Activity
Pictures appear among the records below and must be omitted. Repeat exactly the lines from the line with "Оптовая продажа Высококачественная" to the line with "台南市政府下午在新營文化中心", both included.

Data for this exercise
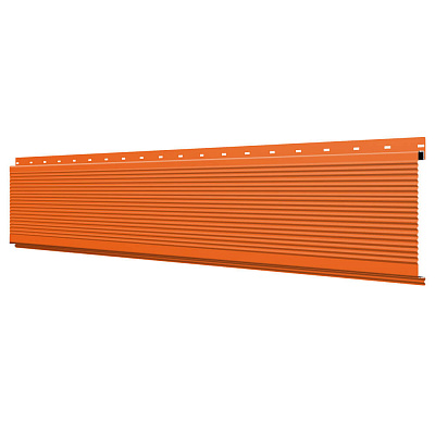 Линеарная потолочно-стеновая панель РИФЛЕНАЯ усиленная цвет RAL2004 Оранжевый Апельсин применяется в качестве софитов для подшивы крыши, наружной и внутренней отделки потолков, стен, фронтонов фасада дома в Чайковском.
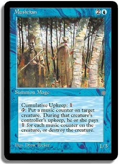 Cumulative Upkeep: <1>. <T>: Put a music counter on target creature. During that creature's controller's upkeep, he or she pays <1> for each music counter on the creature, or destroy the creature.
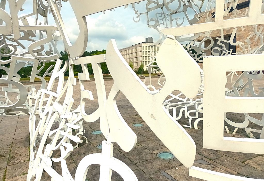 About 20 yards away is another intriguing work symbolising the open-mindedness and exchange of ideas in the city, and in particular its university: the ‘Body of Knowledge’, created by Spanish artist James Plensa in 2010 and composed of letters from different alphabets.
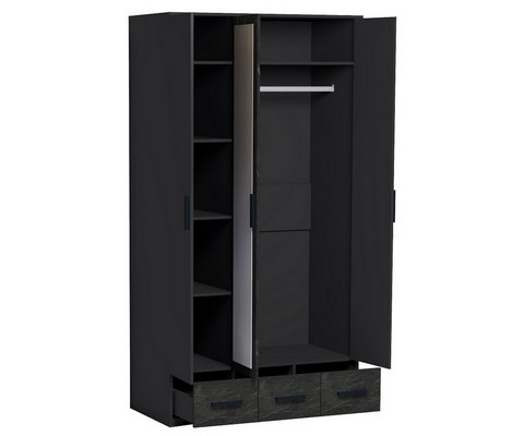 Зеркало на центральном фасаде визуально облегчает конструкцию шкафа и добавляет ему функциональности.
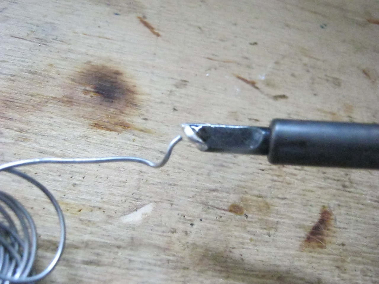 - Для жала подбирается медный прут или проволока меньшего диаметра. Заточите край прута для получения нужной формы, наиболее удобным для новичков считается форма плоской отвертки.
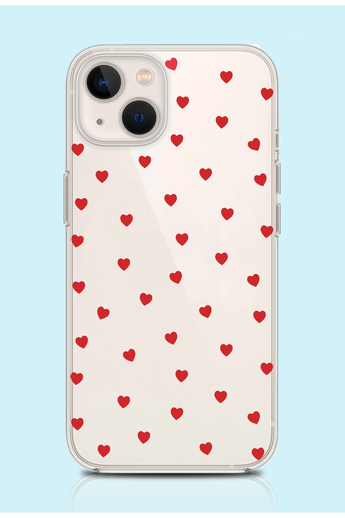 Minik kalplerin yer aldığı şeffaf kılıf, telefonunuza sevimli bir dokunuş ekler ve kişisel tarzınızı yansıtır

* * *

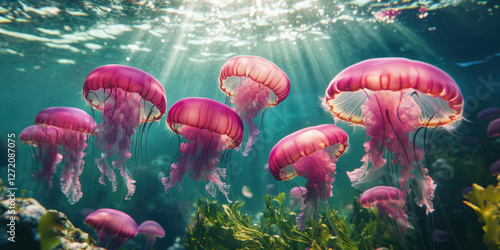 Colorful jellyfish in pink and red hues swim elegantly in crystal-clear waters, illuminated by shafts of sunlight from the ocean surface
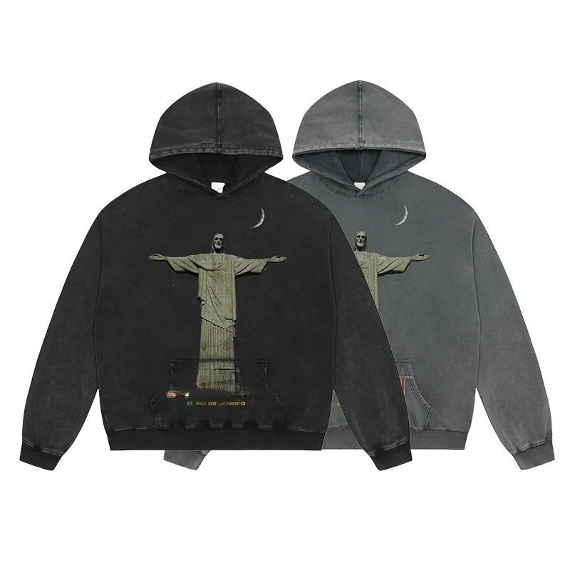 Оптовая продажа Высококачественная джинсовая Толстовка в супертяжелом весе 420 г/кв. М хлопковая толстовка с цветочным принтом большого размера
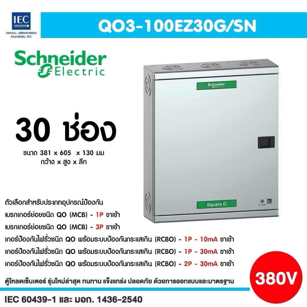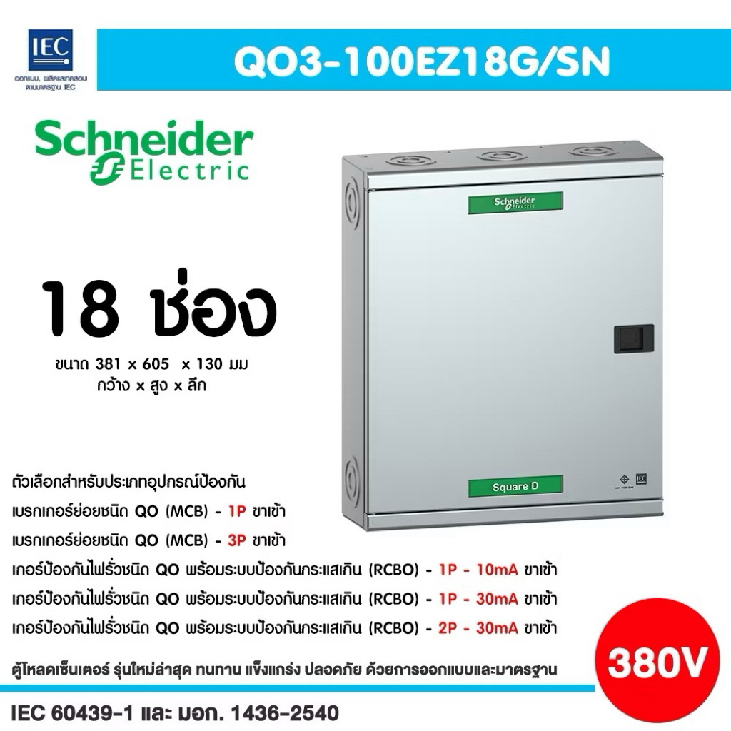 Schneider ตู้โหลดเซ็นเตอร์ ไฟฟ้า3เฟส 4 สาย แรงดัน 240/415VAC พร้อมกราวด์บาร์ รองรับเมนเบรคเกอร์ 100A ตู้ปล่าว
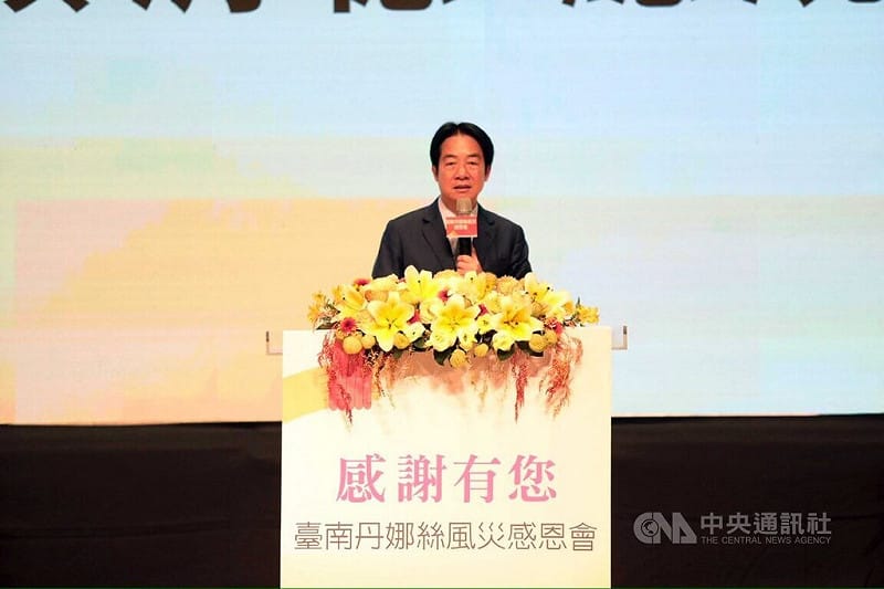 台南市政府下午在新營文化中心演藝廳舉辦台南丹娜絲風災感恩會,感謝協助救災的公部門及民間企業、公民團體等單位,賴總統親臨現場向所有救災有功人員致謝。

Expected answer
 Оптовая продажа Высококачественная джинсовая Толстовка в супертяжелом весе 420 г/кв. М хлопковая толстовка с цветочным принтом большого размера
 Schneider ตู้โหลดเซ็นเตอร์ ไฟฟ้า3เฟส 4 สาย แรงดัน 240/415VAC พร้อมกราวด์บาร์ รองรับเมนเบรคเกอร์ 100A ตู้ปล่าว
 台南市政府下午在新營文化中心演藝廳舉辦台南丹娜絲風災感恩會,感謝協助救災的公部門及民間企業、公民團體等單位,賴總統親臨現場向所有救災有功人員致謝。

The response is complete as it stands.